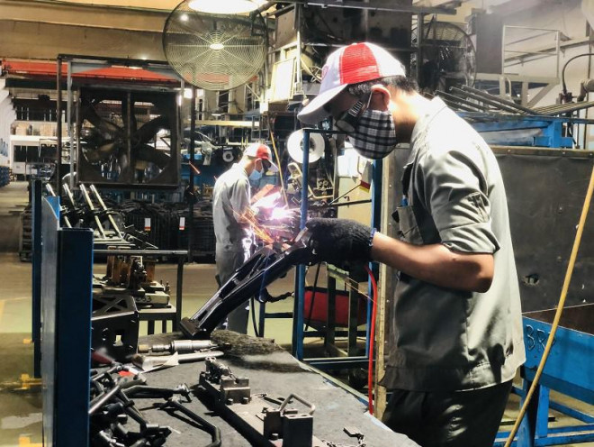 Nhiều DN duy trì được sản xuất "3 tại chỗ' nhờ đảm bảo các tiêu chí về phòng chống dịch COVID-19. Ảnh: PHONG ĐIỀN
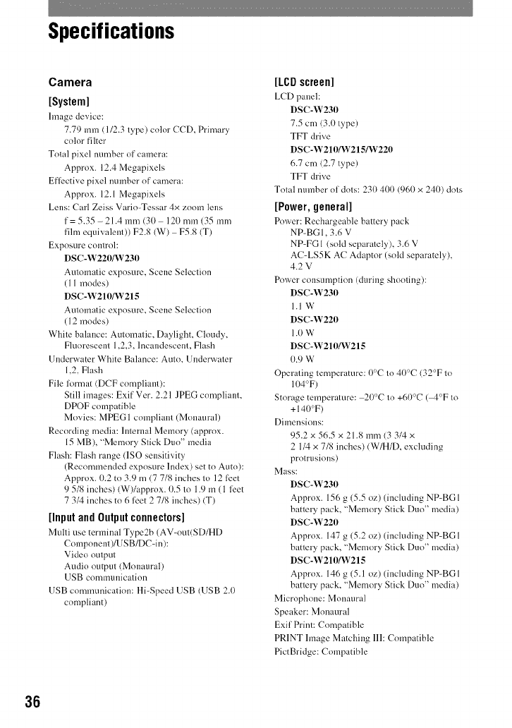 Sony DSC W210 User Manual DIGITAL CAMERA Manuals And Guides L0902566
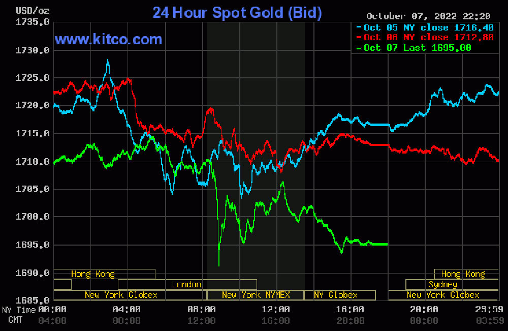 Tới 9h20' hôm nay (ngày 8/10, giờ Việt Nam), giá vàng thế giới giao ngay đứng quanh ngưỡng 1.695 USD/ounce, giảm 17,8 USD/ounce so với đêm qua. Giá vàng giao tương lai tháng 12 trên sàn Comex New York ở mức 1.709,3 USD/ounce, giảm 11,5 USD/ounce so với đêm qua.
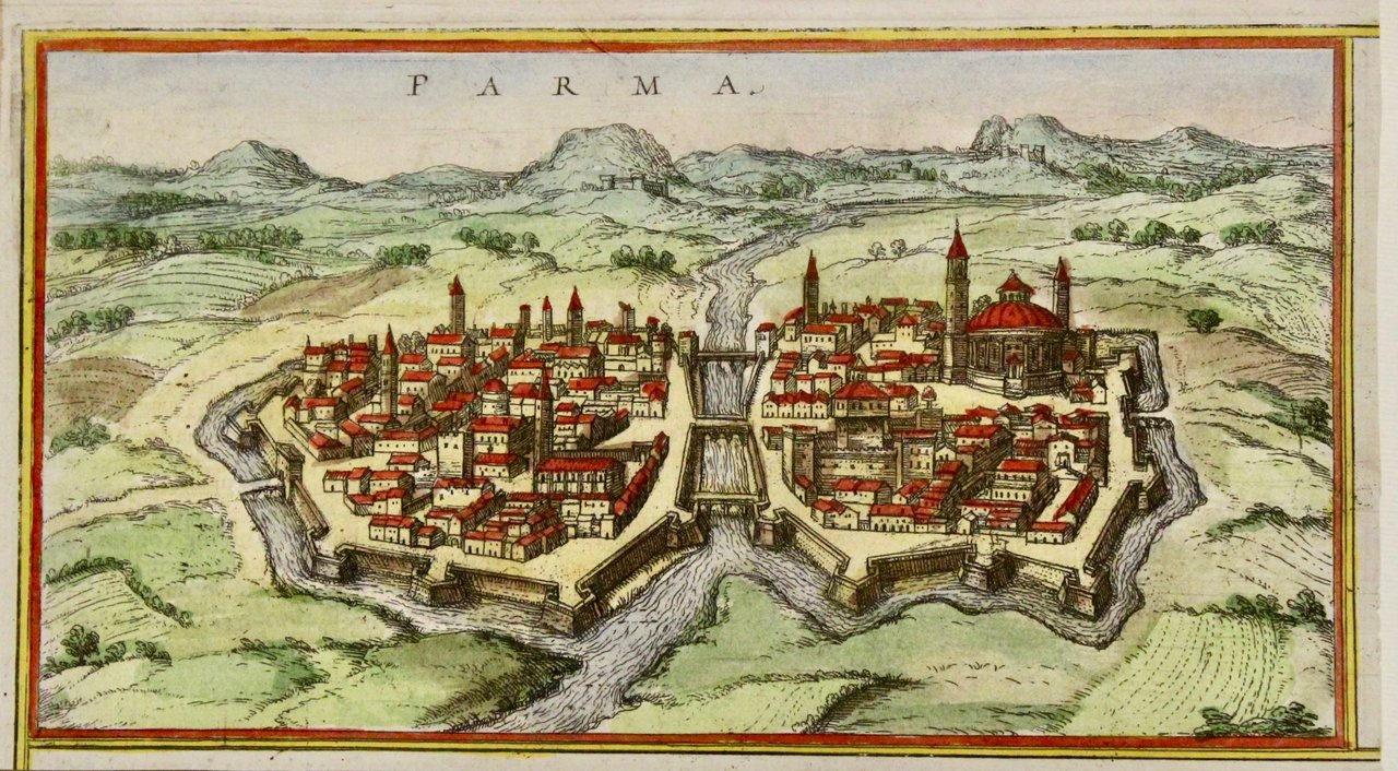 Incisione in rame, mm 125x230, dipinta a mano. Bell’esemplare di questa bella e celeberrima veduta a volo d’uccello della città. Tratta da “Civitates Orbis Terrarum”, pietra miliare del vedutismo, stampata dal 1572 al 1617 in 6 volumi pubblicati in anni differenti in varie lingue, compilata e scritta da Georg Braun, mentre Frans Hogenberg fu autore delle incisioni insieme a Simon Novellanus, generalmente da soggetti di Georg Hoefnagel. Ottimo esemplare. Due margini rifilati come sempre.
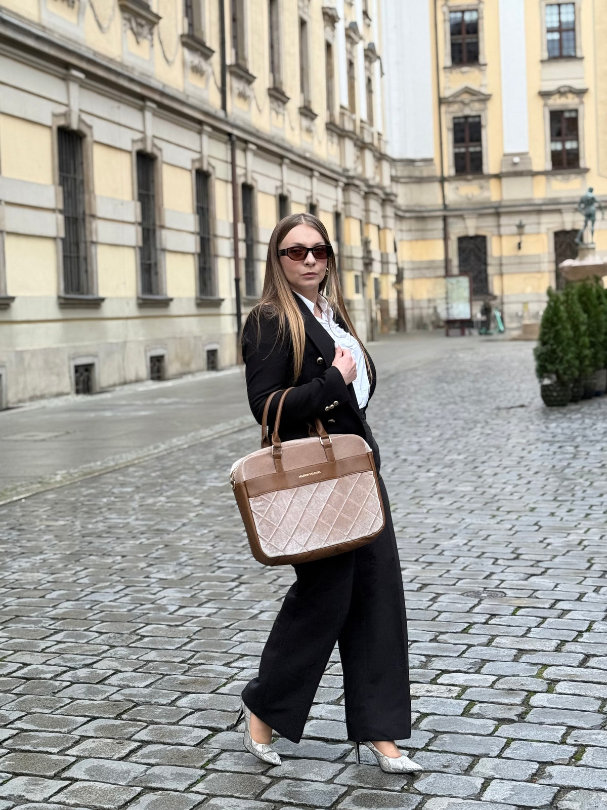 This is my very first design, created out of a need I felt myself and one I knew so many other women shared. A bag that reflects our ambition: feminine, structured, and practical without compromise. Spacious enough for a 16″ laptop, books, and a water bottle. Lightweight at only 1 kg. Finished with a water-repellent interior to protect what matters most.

______

_Aim of the task:_ What is needed is an exact copy of the data, without any pictures.

_Exercise response:_
 Nhiều DN duy trì được sản xuất "3 tại chỗ' nhờ đảm bảo các tiêu chí về phòng chống dịch COVID-19. Ảnh: PHONG ĐIỀN
 Sony DSC W210 User Manual DIGITAL CAMERA Manuals And Guides L0902566
 Tới 9h20' hôm nay (ngày 8/10, giờ Việt Nam), giá vàng thế giới giao ngay đứng quanh ngưỡng 1.695 USD/ounce, giảm 17,8 USD/ounce so với đêm qua. Giá vàng giao tương lai tháng 12 trên sàn Comex New York ở mức 1.709,3 USD/ounce, giảm 11,5 USD/ounce so với đêm qua.
 Incisione in rame, mm 125x230, dipinta a mano. Bell’esemplare di questa bella e celeberrima veduta a volo d’uccello della città. Tratta da “Civitates Orbis Terrarum”, pietra miliare del vedutismo, stampata dal 1572 al 1617 in 6 volumi pubblicati in anni differenti in varie lingue, compilata e scritta da Georg Braun, mentre Frans Hogenberg fu autore delle incisioni insieme a Simon Novellanus, generalmente da soggetti di Georg Hoefnagel. Ottimo esemplare. Due margini rifilati come sempre.
 This is my very first design, created out of a need I felt myself and one I knew so many other women shared. A bag that reflects our ambition: feminine, structured, and practical without compromise. Spacious enough for a 16″ laptop, books, and a water bottle. Lightweight at only 1 kg. Finished with a water-repellent interior to protect what matters most.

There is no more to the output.